While the decision to prescribe biosimilar medicines lies with physicians, patients and their families or carers are often consulted, motivating the NHS to work closely with patient groups to educate about biosimilars. (16)

Overall, the UK biosimilar market is rapidly growing largely due to the highly competitive landscape, but also because of the education of patients and physicians and best-practice sharing among regional commissioners.

"France’s single payer health insurance system and drug pricing model highly contribute to the wide uptake of biosimilar therapeutic"

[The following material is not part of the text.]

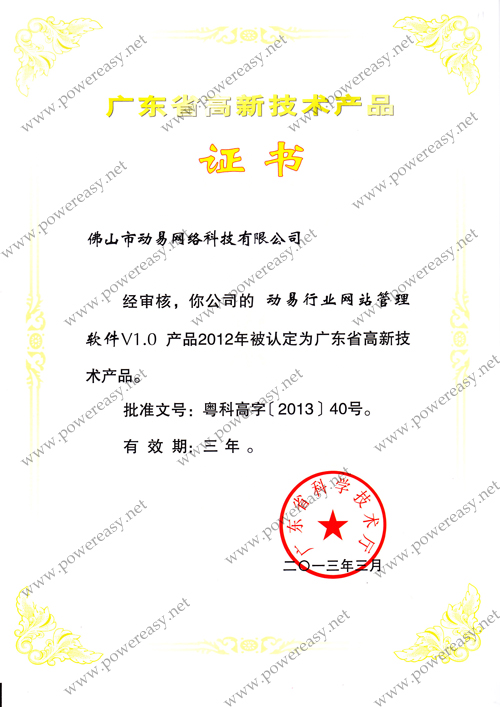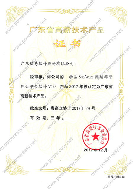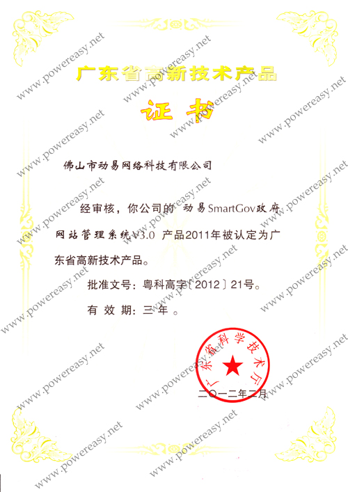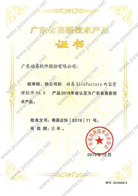 廣東省自主創(chuàng)新產(chǎn)品認(rèn)定證書(shū) 動(dòng)易SiteFactory V3.0
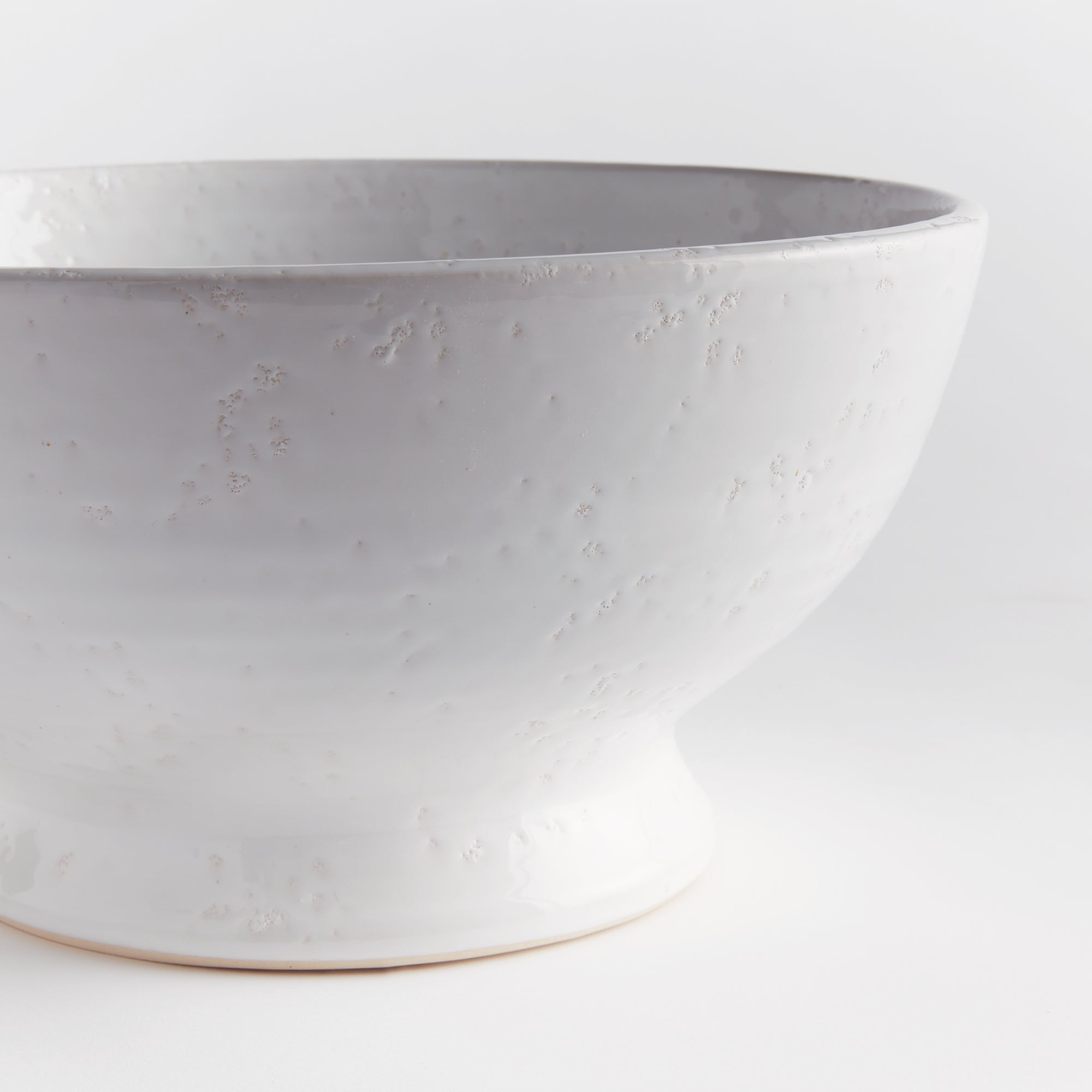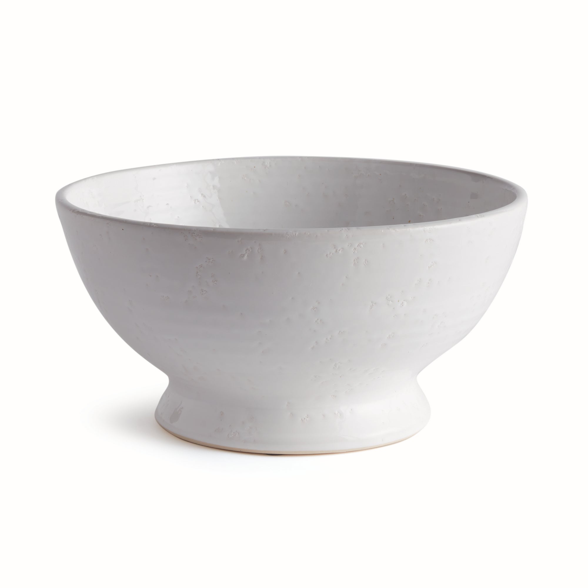 Subtle throw lines and natural textures from the firing process give this terracotta bowl a vintage look. Finished in a warm white glaze, it is beautiful displayed as is, or add a few natural orbs for added texture and color.

Mandatory discounts and single-winner tenders have led to inconsistent biosimilar uptake across regions in Italy

In Italy, biosimilar uptake has been steadily increasing, with annual economic savings of €130 million estimated solely for anti-TNF-α biosimilars between 2019 and 2022. (17) This has been incentivized by biosimilar policies both at the national and loco-regional levels. At the national level, the Italian Medicines Agency (Agenzia Italiana del Farmaco, AIFA) has so far issued two concept papers on biosimilars to promote their use (18,19). In these, AIFA has positioned biosimilars as interchangeable, safe, and effective therapeutic alternatives to related originators both for naïve and non-naïve patients, and even for extrapolation of therapeutic indications. For pricing and reimbursement negotiations, AIFA has also mandated biosimilars to be priced at a minimum 20% discount to the originator with the intention of achieving savings by developing a competitive market (20). However, despite national regulations, biosimilar uptake has witnessed great variability across the country due to different policies adopted by the Regional Health Authorities (RHAs) in Italy’s twenty regions and two autonomous provinces, who are fiscally responsible for procuring biosimilar tenders for their hospitals and local health authorities. (21) Tendering is limited to the inpatient sector, with no such element in place for outpatient settings, as biosimilars are excluded from “transparency lists” of equivalent medicines which would support automatic substitution at the pharmacy level. (21) While the regionality of tenders develops business opportunities for biosimilar manufacturers, they are awarded on a single-winner basis to the lowest bidder. Additionally, multi-winner tenders are only used when there are more than three biosimilars available, which limits sustainable market growth. (22)

Another factor relating to regional variability in biosimilar adoption is differential setting of prescription quotas by loco-regional payers, which serve as prescribing guidelines for physicians. (23) While RHAs may recommend predefined targets, local authorities have the autonomy to implement these quotas with related incentives/sanctions for physicians, or to further integrate them with additional guidelines set by them, thereby leading to irregular adoption locally. Moreover, these quotas are not binding, and there is currently no mechanism to ensure they are complied with. Hence, real-world data shows that the prescribing targets are not met in many regions. (24)

Despite the regional inconsistencies in uptake, Italy still looks to be a promising market for biosimilar entry, particularly due to the increase in educational activities aimed at disseminating information to physicians on market access pathways as well as tender agreements. These have been crucial to gain trust and buy-in from physicians, who hold the final decision-making power on interchangeability, prescribing and switching, as in most EU countries. (21)

"While the decision to prescribe biosimilar medicines lies with physicians, patients and their families or carers are often consulted, motivating the NHS (England) to work closely with patient groups to educate about biosimilars"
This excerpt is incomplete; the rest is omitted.